Dans notre précédent article, nous vous expliquions comment les différentes compagnies des Indes s’étaient créées en Europe. Aujourd’hui, nous vous proposons de regarder de plus près l’influence de ce trafic commercial en matière d’art et de culture.

Masupilatam

1688.
Aquarelle
BnF, département des Estampes et de la photographie, OD-55 PET FOL, f. 16
© Bibliothèque nationale de France
À Masulipatam, sur la côte de Coromandel, en Inde, cohabitaient trois loges marchandes signalées ici par les lettres A, B et C, correspondant aux pavillons français, anglais et hollandais.

En plus des épices, tissus, porcelaines… les marchandises transportées étaient composées de nombreux objets extra-européens mais également d’objets “métisses”, réalisés spécifiquement à l’intention des Européens dans les zones d’action des Compagnies de commerce européennes.

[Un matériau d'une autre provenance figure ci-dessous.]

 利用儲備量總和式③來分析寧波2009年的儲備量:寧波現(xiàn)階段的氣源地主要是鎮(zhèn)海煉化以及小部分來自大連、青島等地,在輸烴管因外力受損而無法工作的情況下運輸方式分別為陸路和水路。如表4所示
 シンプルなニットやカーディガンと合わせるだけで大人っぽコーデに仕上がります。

À  de rares exceptions, négociants et fonctionnaires reproduisaient sous les tropiques leur cadre de vie européen.

Cette production particulière, fruit d’un échange culturel et religieux original, se développe dans la plupart des comptoirs européens. Mais la majeure partie de ces objets “métissés” a été réalisée en Inde ou en Chine pour les besoins de l’exportation vers l’Europe, dans le cadre du commerce à monopole des compagnies parmi lesquels figurent éventails, mobiliers, coffrets et objets en laque, etc. Ils sont le résultat de la rencontre commerciale, politique et culturelle, entre Asiatiques et Européens. Les premiers ayant des savoir-faire et des matières premières inconnus en Europe (ou impossible à exploiter) sur lesquels les seconds projetaient leur désir de forme, de goût et de coût.

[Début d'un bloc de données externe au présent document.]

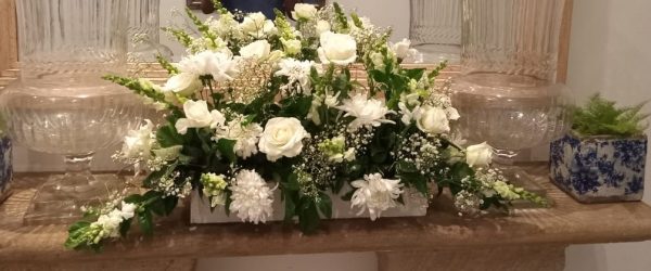 Arranged with soft greenery
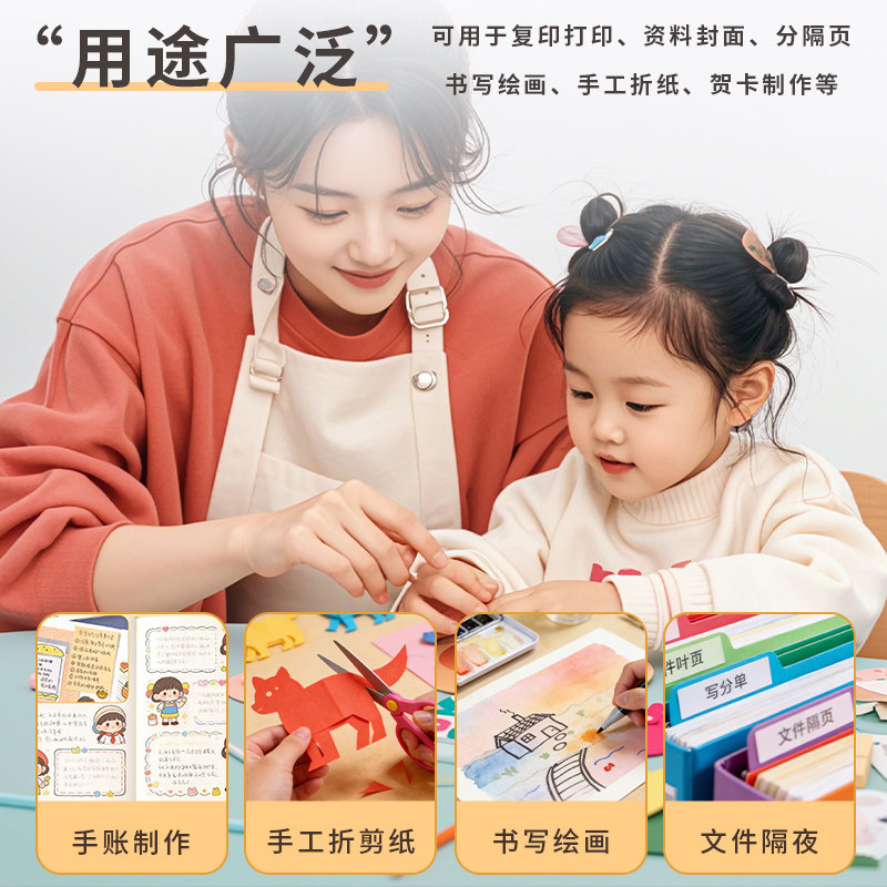晨光a4彩色打印纸复印纸办公用纸100张粉色大红色彩色学生DIY益智手工折纸白色纸折纸加厚彩打纸混色a4纸红纸

Cette entente commerciale a donné naissance à des objets que les Européens trouvaient furieusement exotiques pour ne pas dire asiatiques et que les asiatiques n’ont jamais utilisés en raison de leur caractère trop européen… Hybrides donc, tous ces objets ne révèlent pas à proprement parler une culture ou une autre. Ils sont avant tout le produit d’un commerce mondialisé.

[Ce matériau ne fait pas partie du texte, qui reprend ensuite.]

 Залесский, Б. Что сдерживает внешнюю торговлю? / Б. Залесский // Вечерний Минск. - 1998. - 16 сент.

La “Verenigde Oostindische Compagnie”, ou Compagnie des Indes hollandaise fut une des premières à ouvrir un comptoir en Orient, et c’est ainsi que les premiers paravents et autres objets en laque arrivèrent en Europe.

Les Anglais, dans la deuxième partie du XVIIe siècle, adoptèrent l’idée de plaquer des morceaux de feuilles de paravent sur leurs meubles de luxe. Les Français firent de même un peu plus tard, en se fournissant d’abord via la Hollande.

Le plus souvent, les meubles européens plaqués de feuilles de laque l’étaient en laque de Chine, ou de Coromandel (de Chine également, mais se différenciant par le fait que le décor est incisé, un peu à la manière d’une gravure cf. notre article sur les Coromandel).

 

Petite boîte polylobée en laque du Japon

Cette petite boîte de forme n’est pas sans rappeler les très célèbres laques de la collection Marie-Antoinette à Versailles. Ces petites boîtes suscitaient dés le XVIIIe siècle, curiosité et admiration, recherchées pour tant pour leur rareté que leur exotisme ou leur préciosité dans leur qualité d’exécution.

Les laques du Japon sont de grande qualité et très chers. Au milieu du XVIIème siècle, le shogunat japonais cesse toute relation avec l’étranger sauf avec la Chine et le comptoir néerlandais à Nagasaki (vous pouvez lire aussi notre article sur le style Nanban qui relate l’histoire du Japon à cette période) rendant les laques japonais de cette période quasiment impossibles à se procurer ce qui explique que ceux que l’on trouve en Europe datent pratiquement toujours du XVIIe siècle. Ils étaient recherchés et précieusement gardés par les principaux marchands-merciers qui les réservaient pour les grands ébénistes et les meubles prestigieux.

Les compagnies des indes françaises, portugaises, anglaises et hollandaises, ont transmis leur goût pour les meubles européens. Le mobilier plus petit était utilisé pour les voyages. On trouve des commodes de bateau en 2 parties, des bureaux démontables, des tables pliantes, des écritoires et des coffres. Tous sont des pièces uniques souvent renforcés de fer ou de laiton. Le teck, très solide, avait une place importante dans ces fabrications, comme aussi les acajous, le palissandre et le camphrier. Les coffrets les plus précieux étaient faits en bois de citronnier (bois de satin) et d’ébène, décorés de marqueterie d’ivoire et d’argent.